The Micro Grant Research Award from Team Telomere, Inc. supports research initiatives led by investigators who are driving scientific advancements in the field of Telomere Biology Disorders. We funded our inaugural Team Telomere Micro Grant Research Award in 2024.
The Micro Grant Research Award from Team Telomere is a single award of up to $10,000 total costs for an one-year project.
Team Telomere 2024 Micro Grant Research Award Recipient
Investigator: Dr. Kelvin Cesar de Andrade, NIH/NCI
Project Title: Characterization of the TERT p.K1050N variant: a potential founder effect in Ashkenazi Jewish populations associated with telomere biology disorders
Lay Summary:
Dr. de Andrade’s study will evaluate if individuals of Ashkenazi Jewish ancestry carry a common genetic alteration associated with increased risk of developing telomere biology disorders. These results will form the foundation for future tailored clinical management strategies and specific genetic counseling recommendations for the Ashkenazi Jewish community.
Research Results Summary
Our project focused on understanding a rare genetic change in the TERT gene, called p.K1050N, which affects how our bodies maintain telomeres – the protective caps at the ends of chromosomes that keep our cells healthy. When telomeres become too short or don’t function properly, it can lead to a group of conditions called telomere biology disorders (TBDs). These disorders can cause serious health problems like bone marrow failure, lung disease, and liver problems.

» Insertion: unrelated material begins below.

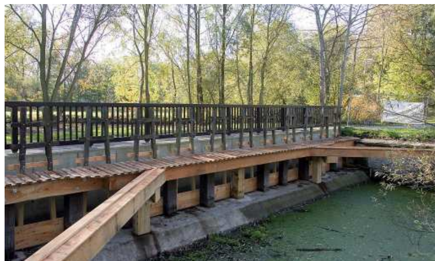
Das Ölper Freiflutwehr nach vollbrachter Restaurierung.

We discovered that this TERT variant is especially common in people of Ashkenazi Jewish (ASH) ancestry and likely came from a single ancestor many generations ago. This is known as a founder effect. By analyzing the DNA of over 500,000 people from large research databases (like the UK Biobank and All of Us), we identified a specific genetic pattern shared by almost everyone who carries this variant. This strongly supports the idea that the p.K1050N variant originated in a common ancestor. In addition, we examined the mitochondrial DNA (passed down from mothers) and Y-chromosome markers (passed down from fathers) and found patterns consistent with known ASH ancestry, further supporting the historical context of this variant.
We also studied patients who carry the variant to see how it affects their health. One person who inherited the variant from both parents had severe symptoms from an early age. Others, who inherited it from only one parent, showed a mix of outcomes—some had symptoms like lung or liver disease, while others were healthy. Many of them had short telomeres, a hallmark of TBDs.
In the lab, we tested the impact of the variant on telomerase, the enzyme responsible for maintaining telomeres, in cells from patients with the variant. We found that this variant weakens telomerase activity, reduces its efficiency, and slows down cell growth. These functional changes may help explain the TBD-related manifestations observed.
These findings are important because they help doctors and researchers better understand who might be at risk for TBDs, particularly within the ASH community.